Prevalence and correlates of comorbidity 8 years after a first psychotic episode

Acta Psychiatr Scand. 2007 Jul;116(1):62-70. doi: 10.1111/j.1600-0447.2006.00922.x.

Abstract

Objective: While rates and correlates of comorbidity have been investigated in the early course of psychosis, little is known about comorbidity in the medium-to-longer term or its relationship with outcome.

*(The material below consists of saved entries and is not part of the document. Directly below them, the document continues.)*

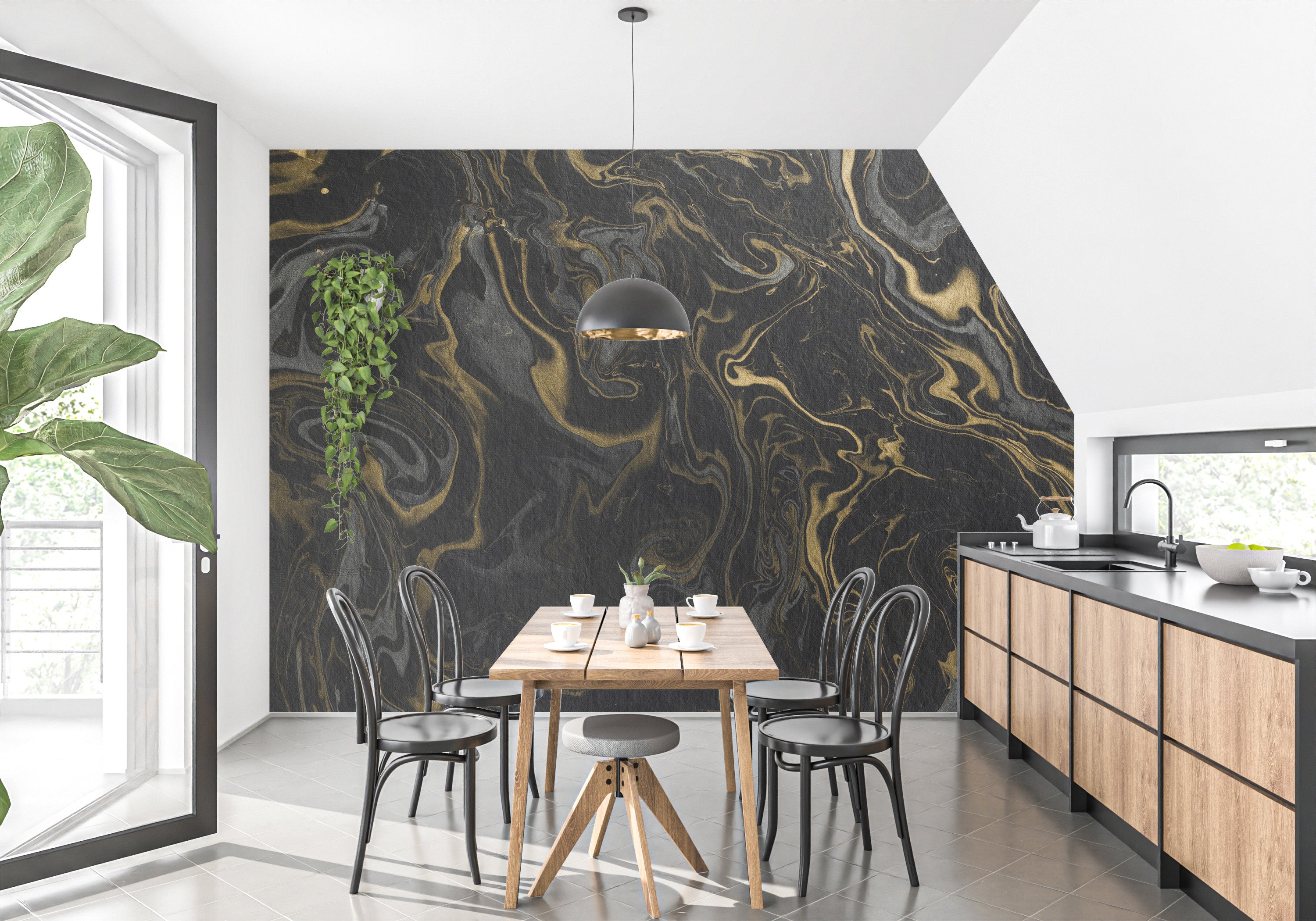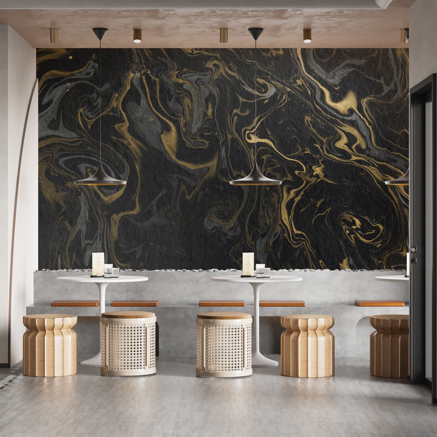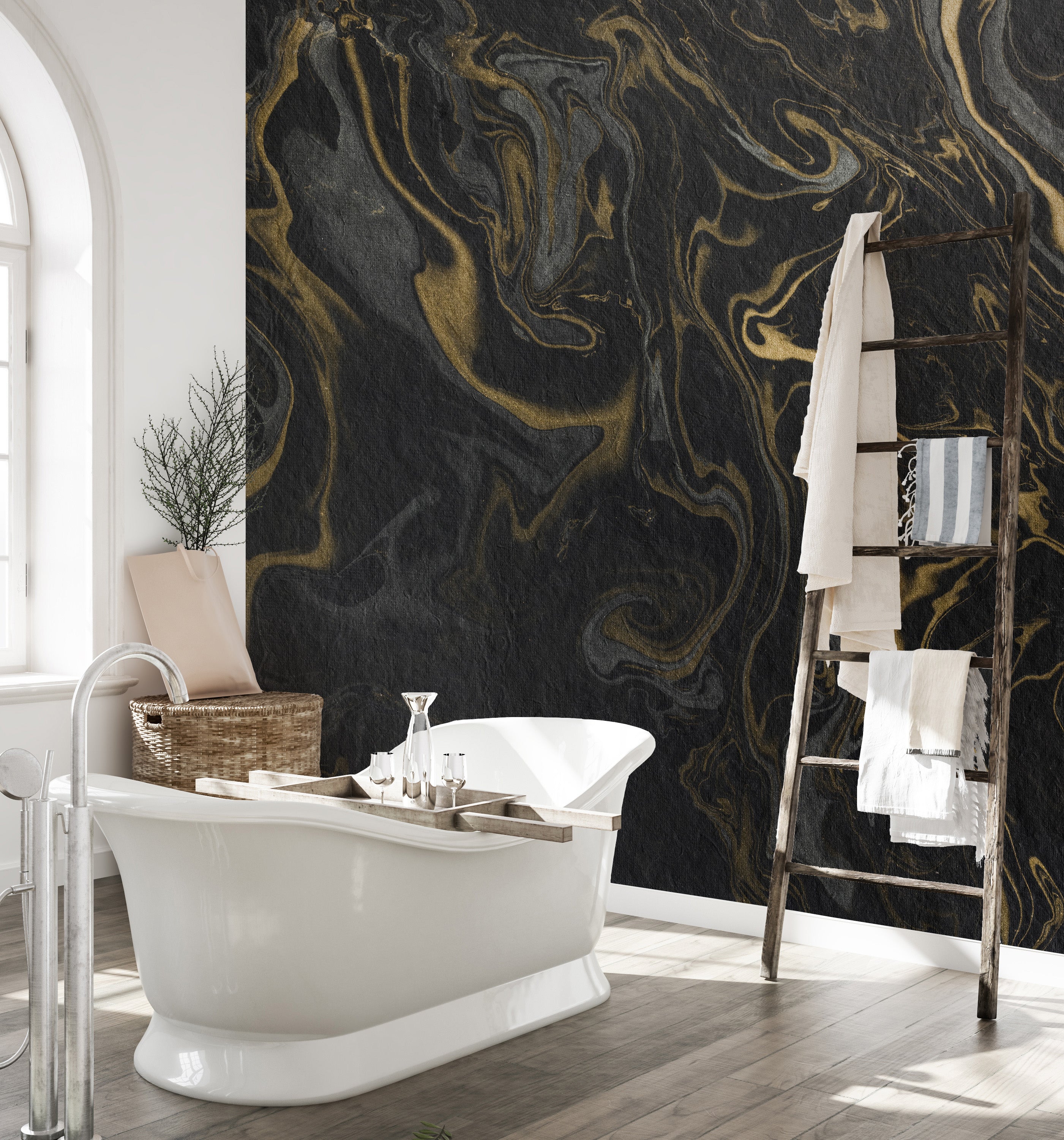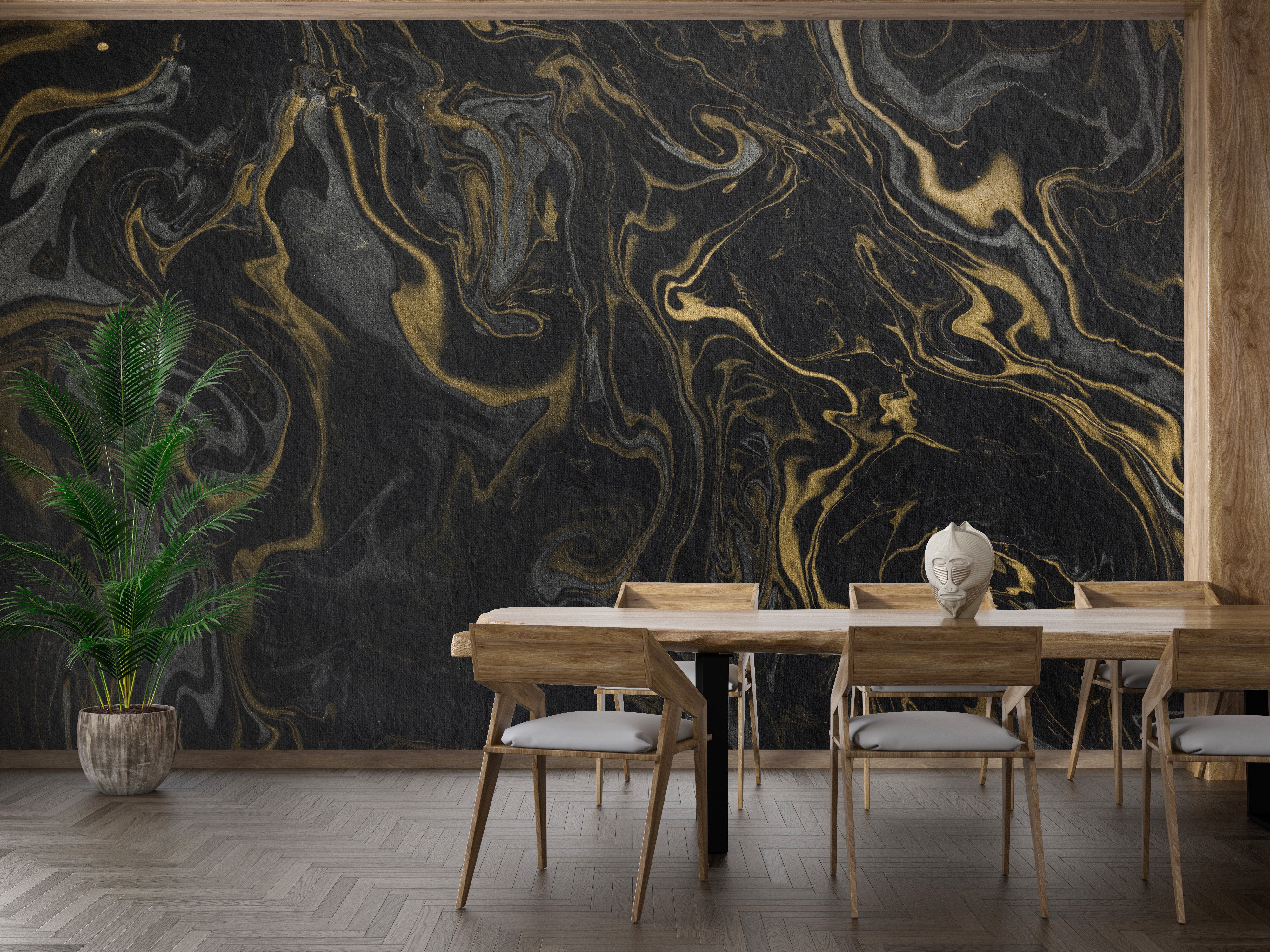 Enhance your room with this elegant black and gold marble wallpaper that emanates luxury and modernity. Create a striking statement in any room with this luxury marble wallpaper in dark marble tones and rich gold accents. Perfect for creating an elite look in living rooms, bedrooms, or offices, this wallpaper serves as both wall decor and an artful accent.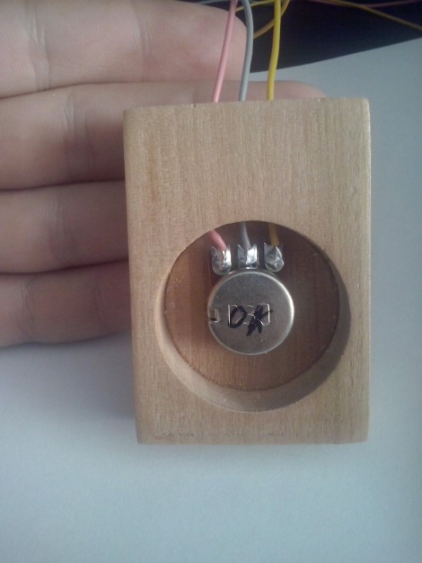 Zo spodu základne je navŕtaná 35mm diera, kde je zapustení potenciometer.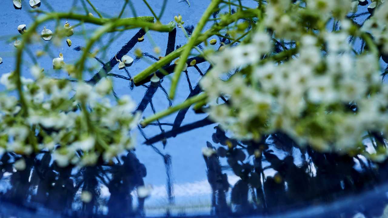 海や空など自然の美しい鮮やかなルリ色に映えるお花をのせて。おもてなしの時にも、はじめの一皿に季節のお花をのせてつかうと、季節を身近にぐっと感じることができます。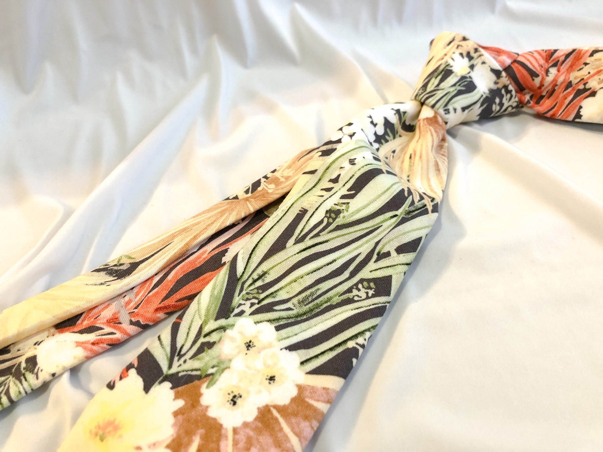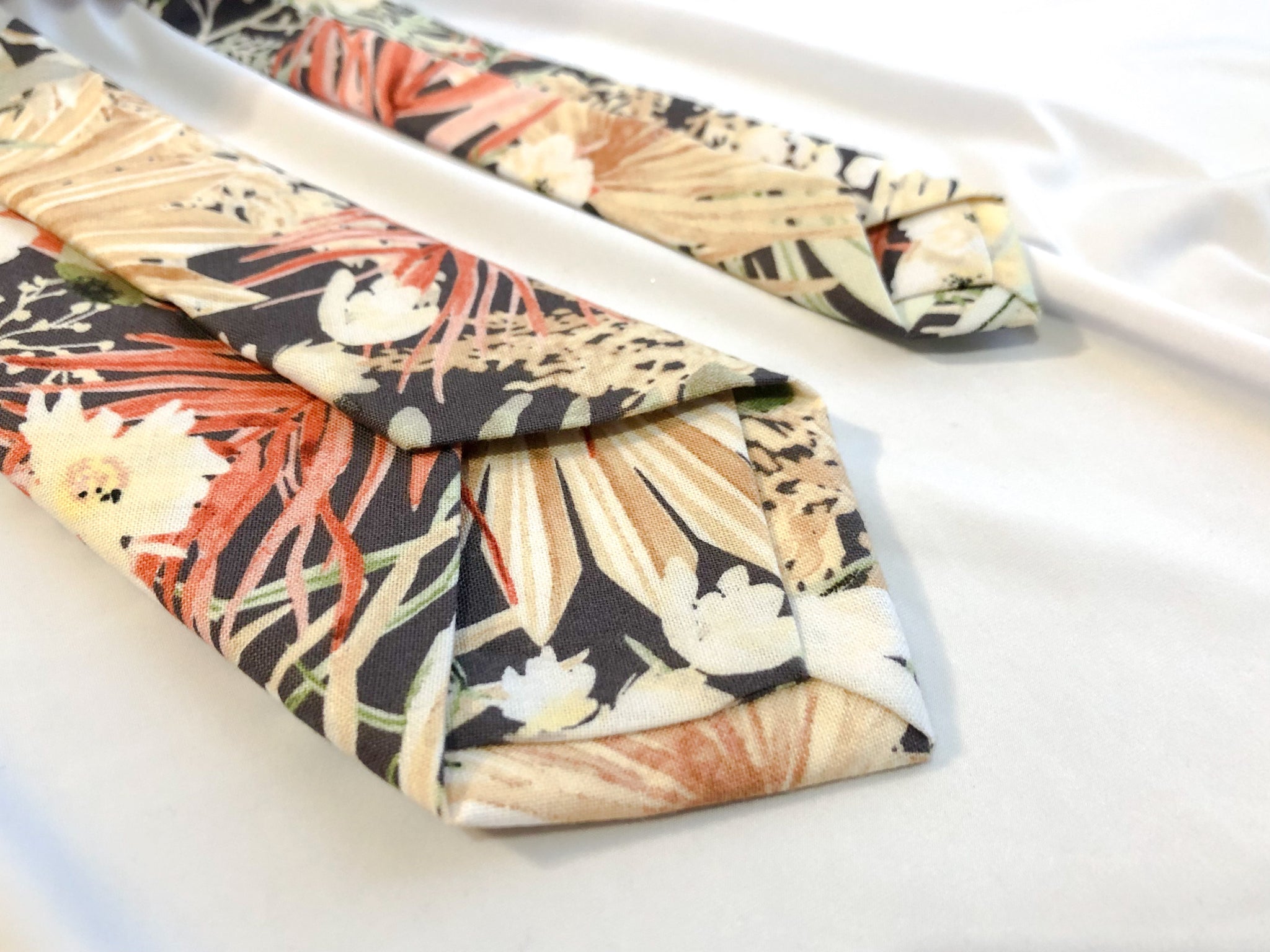 -Tie is 60 inches long. If you would like a longer/shorter tie, send me a message and I can make it for you!

Method: A total of 182 first-episode psychosis (FEP) patients who met DSM-IV criteria for a current psychotic disorder 8 years after index presentation were grouped according to concurrent comorbidity [no concurrent axis I disorder; concurrent substance use disorder (SUD); other concurrent axis I disorder; concurrent SUD and other axis I disorder]. Outcomes were compared between groups controlling for relevant covariates.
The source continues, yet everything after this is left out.